Все, о чем они говорили, имело свой подтекст, не всегда мне понятный. Они были набиты древней мудростью, как храмы Эрдэнэ-дзу сокровищами тибетского и монгольского искусства.

В самом деле: каждый храм ломился от сокровищ. Книги, статуи, коралловые маски для священного танца цама, нити жемчуга на шеях и руках богинь, золотая и серебряная утварь, древние иконы. Оставалось лишь удивляться, что все это до сих пор в сохранности, хоть и без надзора.

Золотой свет словно бы таял вокруг меня. Откуда-то издалека доносились голоса Ринчена и Дамдинсурэна.

– Смотрите: еще один Ваджрадхара с бирюзой и красным камнем! Может быть, работа Дзанабадзара?

– А это техника мартан и нагтан – золото с красным на черном фоне…

– А что находится внутри Боди-субургана? Он такой огромный! – голос артистки Оюун.

Я хорошо запомнил бронзовую статую божества Ваджрадхара. Обычно этого громовержца изображают в устрашающих формах, трехглазым, в венце из черепов. Дзанабадзар изваял задумчивого пожилого мужчину с опущенным взором, безвольно опущенной на колено правой рукой. Скромные украшения из бирюзы. Грозная ваджра – молния на ладони левой руки казалась маленькой, безобидной игрушкой. Бог разглядывает ее словно бы с недоумением, на губах неопределенная, скорее скептическая усмешка.

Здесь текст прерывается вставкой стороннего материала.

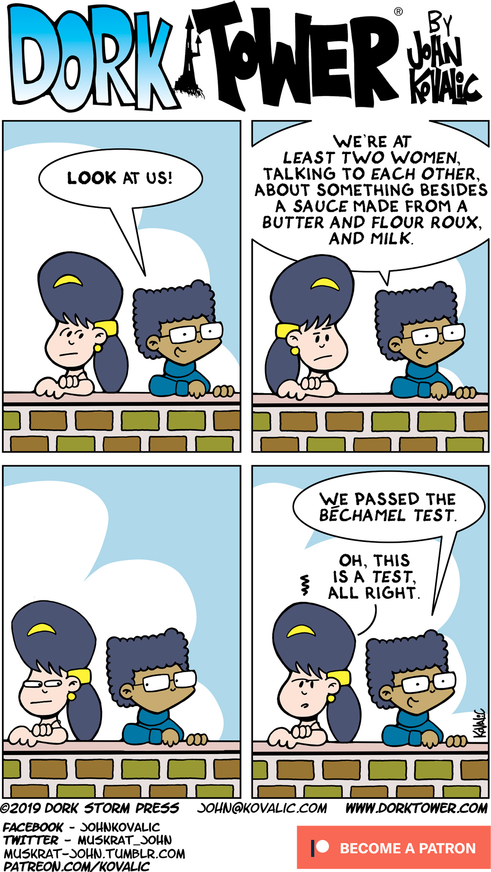 DORK ADDENDA: The Bechdel Test; Bechamel Sauce.
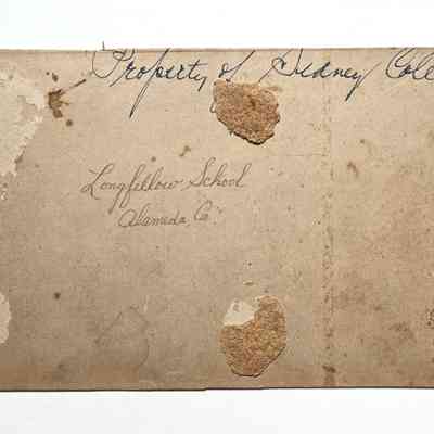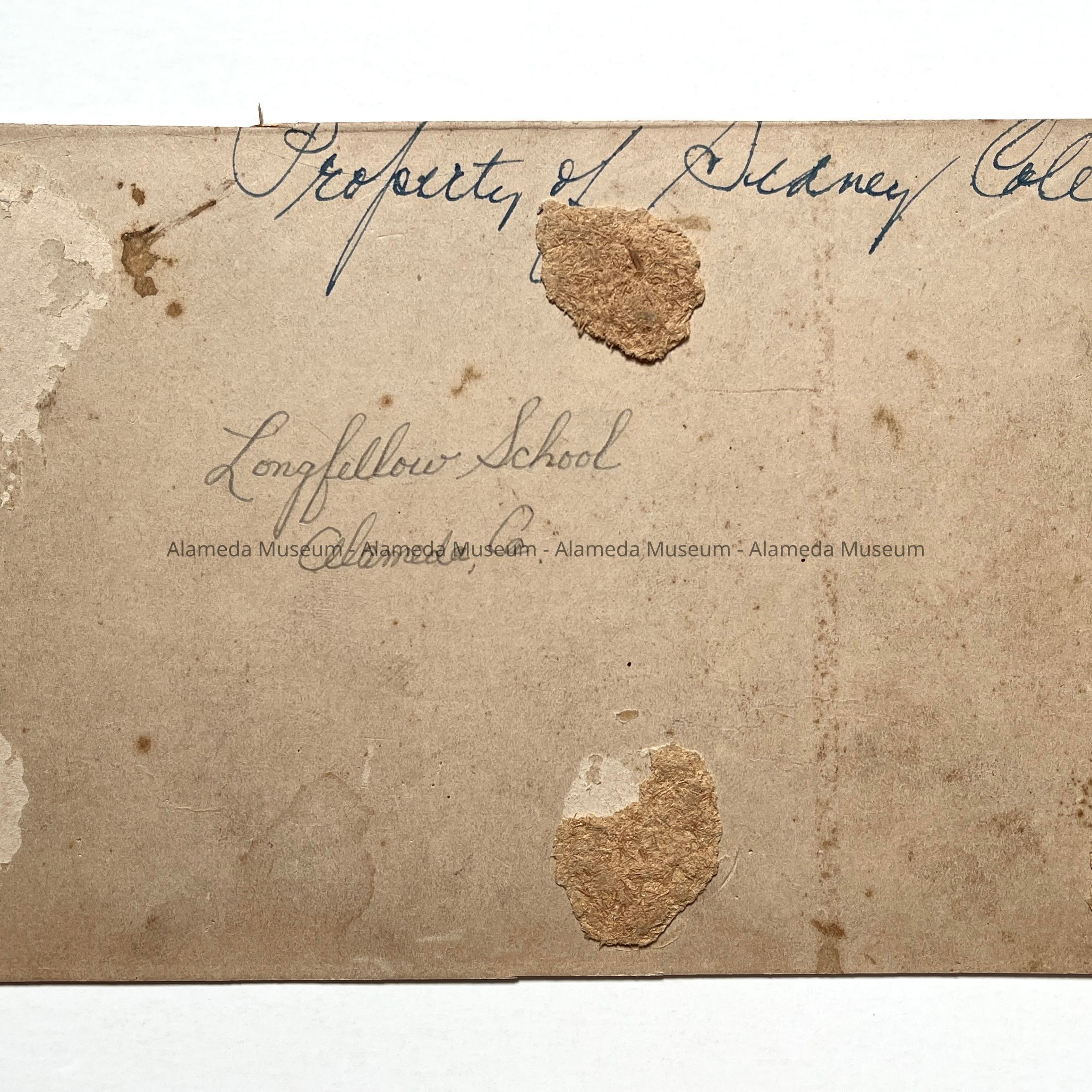 Description: Sepia-toned albumen print photo mounted on tan paperboard. Photo: Hugo Weitz, S.F. ( per name remnant on cropped mounting ). The image is badly faded and has some spotting. The mounting has nail holes, spotting blue ballpoint ink notations, and cropping on the upper and lower margins.
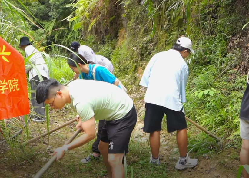 为了传承红色基因,不忘初心,感受红军精神,重温红军历程。20日中午,实践团师生在畲族村民的带领下带着农具重修红军路、重走红军路。去年今日,阳光学院大学生在这里立了“红军路”的牌子;今年今日,林秋凤队员感慨地说道我们又担负起这份责任去整修红军路,又立下了这块神圣的牌子!同时,坪水畲族村的导游邱艺英为实践团师生们讲述了红军路背后的故事。据记载,当时畲族同胞为了支援前线作战的红军战士把省吃俭用收集的物资通过这条红军源源不断的路运往前线。通过导游的讲解,柯宇隽队员深情地说我们意识到一个国家、一个民族只有精诚团结,才能自立于世界,才能谋求进步和发展。作为时代的新青年应该肩负民族复兴之大任,铸牢中华民族共同体意识,构建起国家统一和民族团结的精神,才能为实现中华民族伟大复兴而奋斗。
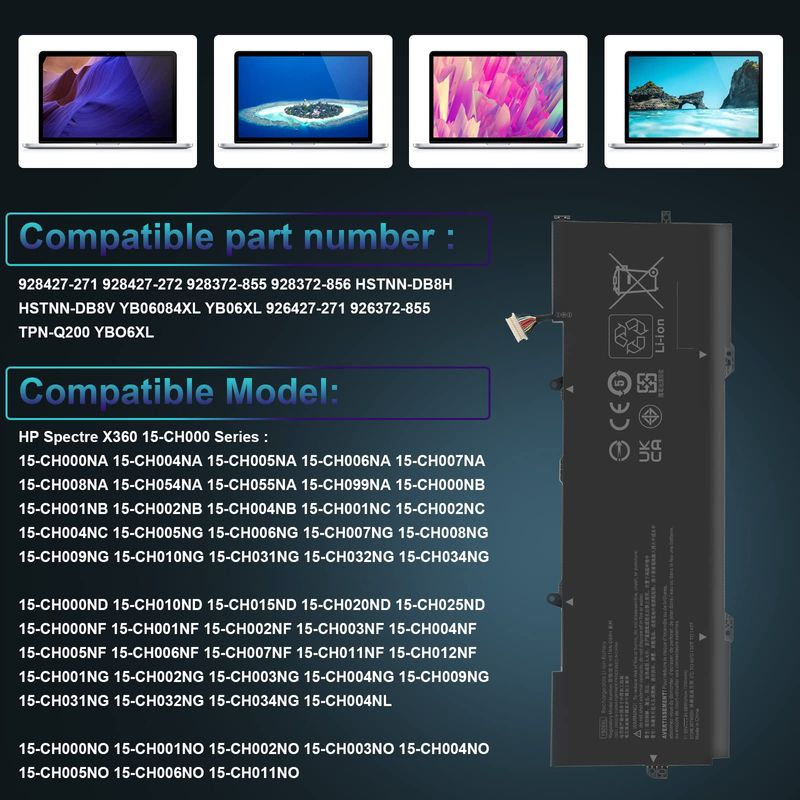 YB06XL 928427-271 - Batería para portátil HP Spectre x360 Convertible 15-CH 15-CH0XX 15-CH000TX
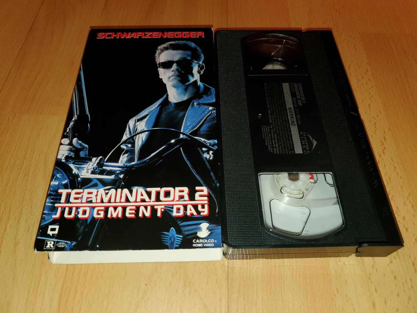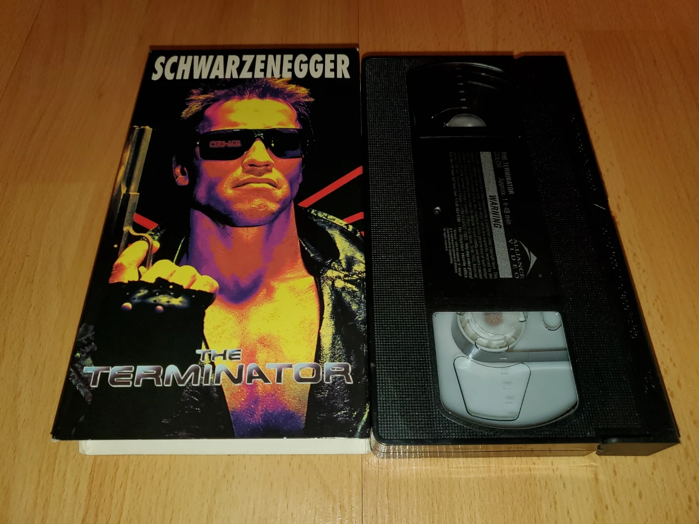 Terminator and Terminator 2: Judgment Day. Features Arnold Schwarzenegger and these are a nice addition to any Arnold Schwarzenegger or VHS collection.
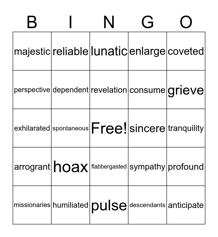 This bingo card has a free space and 34 words: fertile, descendants, plentiful, European, arrogrant, dependent, coveted, missionaries, reliable, grim, revelation, lunatic, acquainted, surreal, sincere, grieve, humiliated, exhilarated, hoax, sympathy, flabbergasted, serene, majestic, tranquility, pulse, anticipate, enlarge, crucial, consume, perspective, decipher, spontaneous, profound and eccentric.

«Возможно, это автопортрет Дзанабадзара?..» – подумал я тогда.

– А не сохранилось ли портрета Дзанабадзара?

– Вот он! – Ринчен взял с полки красочно оформленную книжку гармошкой. На монгольском. С портретом на первой странице. Что-то необычное было во всем облике высокого ламы Ундур-гэгэна. Я уже приметил, что на иконах лица «блаженных будд» и святых – яйцевидной формы, острым концом вниз. У этого была крупная обритая голова, угловатое лицо, широко открытые глаза под мощным разлетом тонких бровей, скорбный рот, тонкие усики, ямочка на подбородке. Одежды были плотно запахнуты. Лама сидел, поджав под себя ноги и подняв правую руку для благословения; в левой руке держал «колокольчик мудрости» с рукояткой «дордже», обозначающей власть. Он в самом деле напоминал мне своим волевым угловатым лицом Петра Первого.

– В книжке описана его жизнь, – сказал Ринчен. – Можете взять на память – это обычное издание.

– Но я не умею читать…

– Научитесь.

Пока высокая комиссия производила инвентаризацию ценностей, определяла, что необходимо увезти в Улан-Батор сейчас же, мы с Марией перезнакомились со всеми.

Особый интерес вызывала артистка Оюун, остроглазая, с кирпично-красными щеками девчонка в белом беретике, черном халате с белой оторочкой, без пояса и в шевровых сапожках. Мы вначале даже не поверили, что перед нами известная артистка. Когда мы очутились во дворе монастыря, она не торопясь вынула трубочку с нефритовым мундштуком и длинным, чуть изогнутым чубуком, на котором был подвешен крошечный серебряный колокольчик, раскурила ее и сделала две короткие затяжки.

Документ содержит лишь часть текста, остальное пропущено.